At the end of the treatment, rats were sacrificed using an intraperitoneal injection of 7% chloral hydrate (0.3 mL/100 g). Tissue samples from the liver were excised and weighed after washing with 0.9% saline. 100 mg tissues were rinsed with PBS and homogenized in 1 mL of PBS and then stored overnight at -20°C. Two freeze-thaw cycles were performed to break all cell membranes, and the homogenates were then centrifuged for 10 minutes at 4000 rpm, 4°C. The supernatant was collected for biochemical analysis. AST, ALT, TG, TC, FFA, LDL-C, and HDL-C concentrations were determined in all liver homogenate samples at the end of the study. Fatty acid transport protein 4 (FATP4), liver-type fatty acid-binding protein (L-FABP), very low-density lipoprotein (VLDL), fetuin-A (FetA), TLR4, NF-κB, tumor necrosis factor-alpha (TNF-α), interleukin-10 (IL-10), interleukin-1 alpha (IL-1α), and interleukin-6 (IL-6) concentrations were tested using ELISA assay kits purchased from Cusabio Biotech Co., Ltd., China.

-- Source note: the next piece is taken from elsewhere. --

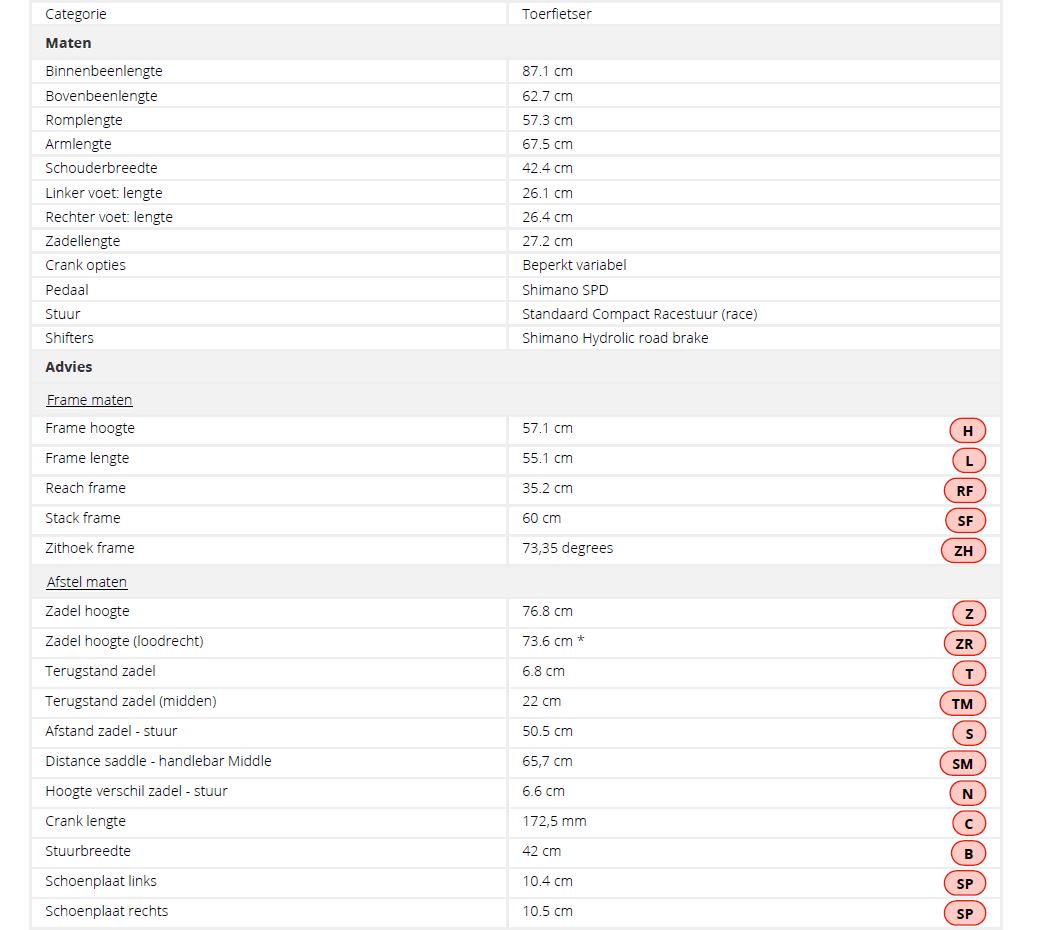 Ik heb sinds maart een nieuwe fiets aangeschaft, een Giant TCR Advanced 2 disc, maat M (ik ben 1m80,BBL 87). Ik heb me over de maat laten adviseren door de Giant FM, en gezegd dat ik op m'n vorige fiets te uitgestrekt zat (een oude Columbus Stelvio van m'n pa gekregen, maat 56). Hij zei dat een M goed zou zijn gezien m'n korte benen, en door te kijken hoe ik op een M zat die in de winkel stond. Enkel m'n lengte en BBL was opgemeten. Bij afhalen fiets werd enkel zadel op het oog goed gezet en dat was het.

Genome-wide expression profiling

Total RNAs from 3 liver tissues (1 from the control group, 1 from the model group, and 1 from the TSG.M group) were harvested using TRIzol (Invitrogen). The RNA samples were amplified and labeled using an Agilent Whole Rat Genome Oligo Microarray (4 × 44 K, Agilent Technologies, Palo Alto, CA, U.S.) using Agilent SureHyb hybridization chambers. After hybridization and washing, the processed slides were scanned with an Agilent microarray scanner G2505C.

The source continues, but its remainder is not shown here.